To date, Rob Ford’s tactics are mimicking Mike Harris and Gordon Campbell.
by Gordon Sova (gordon.sova@thomsonreuters.com)
This morning’s Toronto Star has an op-ed cartoon of Mayor Rob Ford as the new sheriff in the western town. He is drinking shots from a jug called “honeymoon”. Through the saloon window, the reader can see an approaching armed gang labeled “unions”.
So far, Ford has been working from the Mike Harris–Gordon Campbell playbook: act quickly and decisively, don’t bother with consultation and don’t give the opposition time to organize. However, Ford’s latitude to work this way is much more restricted than a provincial premier’s.

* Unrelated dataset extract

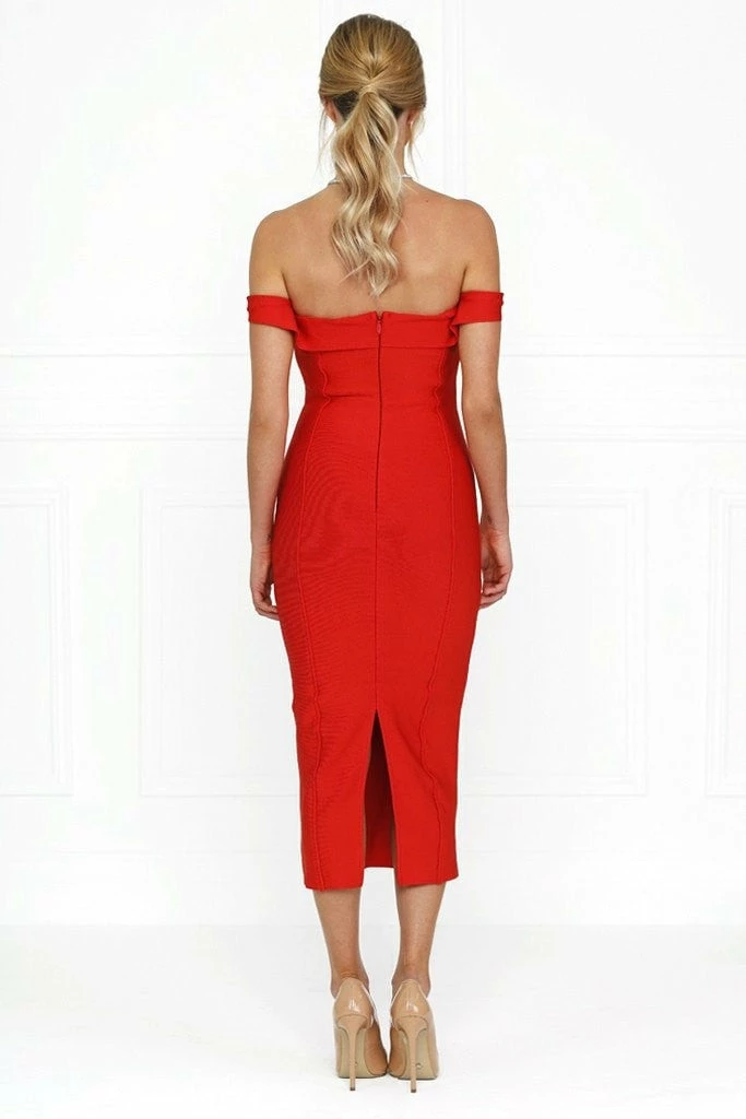 This classic elegance features a off shoulder style with a slight princess neckline w a slit up back for a comfit wear for your next special occasion.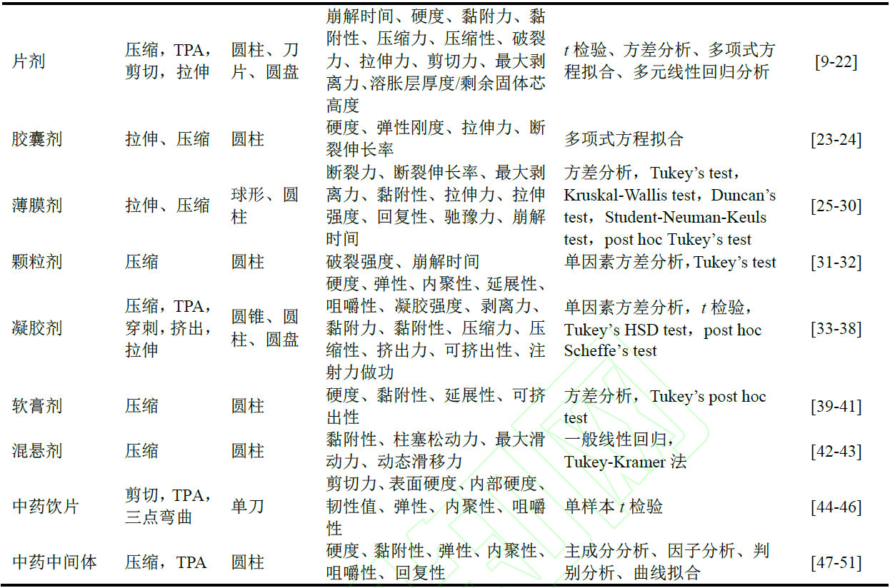 根据样品的自身特性,质构仪有多种探头(圆盘、圆柱、单刀探头等)和多种分析模式(压缩、穿刺、剪切、拉伸模式等)可供选择,不同物性参数可结合多种数据分析手段(方差分析、回归分析和t 检验等)以达到研究目的。其中应用广泛的是压缩模式,探头以恒定速度下降,压缩样品到某一设定目标(如一定的形变量、下压距离)后立即返回,可以反映制剂的硬度、黏附性、内聚性等多种物性参数。对于物性参数的数据分析方法,主要包括统计检验与回归分析2 种手段,通过方差分析和t 检验可比较不同处方或不同测定方法下制剂物性参数之间的差异,用于体内外相关性评价、不同处方之间的质量评价;回归分析可将一系列物性参数与工艺参数或质量评价指标进行方程拟合,找到关键物性参数与制剂质量之间的定量关系及相互影响规律。对近年来质构仪在制剂研究中的应用文献进行总结,见表2。

For example, he has just “killed” the metro public transportation plan that was developed by Toronto, the GTA municipalities and the provincial government. He plans to ask the same government to declare the Toronto Transit Commission an essential service. Queen’s Park, which has been polite to date, may not be in a hurry to go out on a limb for him by making just one public transit system in the province essential. Especially after he has embarrassed them and left them holding the bag for a number of supplier contracts that may have to be broken.

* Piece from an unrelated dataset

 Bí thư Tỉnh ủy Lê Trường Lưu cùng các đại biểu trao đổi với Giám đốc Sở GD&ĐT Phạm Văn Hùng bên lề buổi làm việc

Then, Ford intends to contract out garbage collection. In that, he will certainly have a battle on his hands, one that will unite all his enemies. The fight will not be short and sharp. If he intends to initiate that quickly, it will also fall during the preparation of the 2011 budget, which Ford has begun early.
This could get very messy. And ending the “gravy train” might not generate the massive tax savings Ford has been trumpeting.
He has been treating his 47% plurality as a decisive referendum to act as he wishes. Union opposition is unlikely to eat far into his base of support, but a failure to find enough fat in the budget to allow him to cut property taxes definitely will.
The contract between the TTC and the Amalgamated Transit Union expires in three months; those with CUPE for inside and outside workers at the end of 2011. The dilemma facing Ford is whether to continue the Harris-Campbell strategy and take on the unions now (while also balancing the budget) or to face his challenges one at a time. The latter might be a wiser option, allowing him to rebuild through union-bashing what he will probably lose in support through failing to slash the city budget without service cuts. But the timing of the expiries may not give him a choice.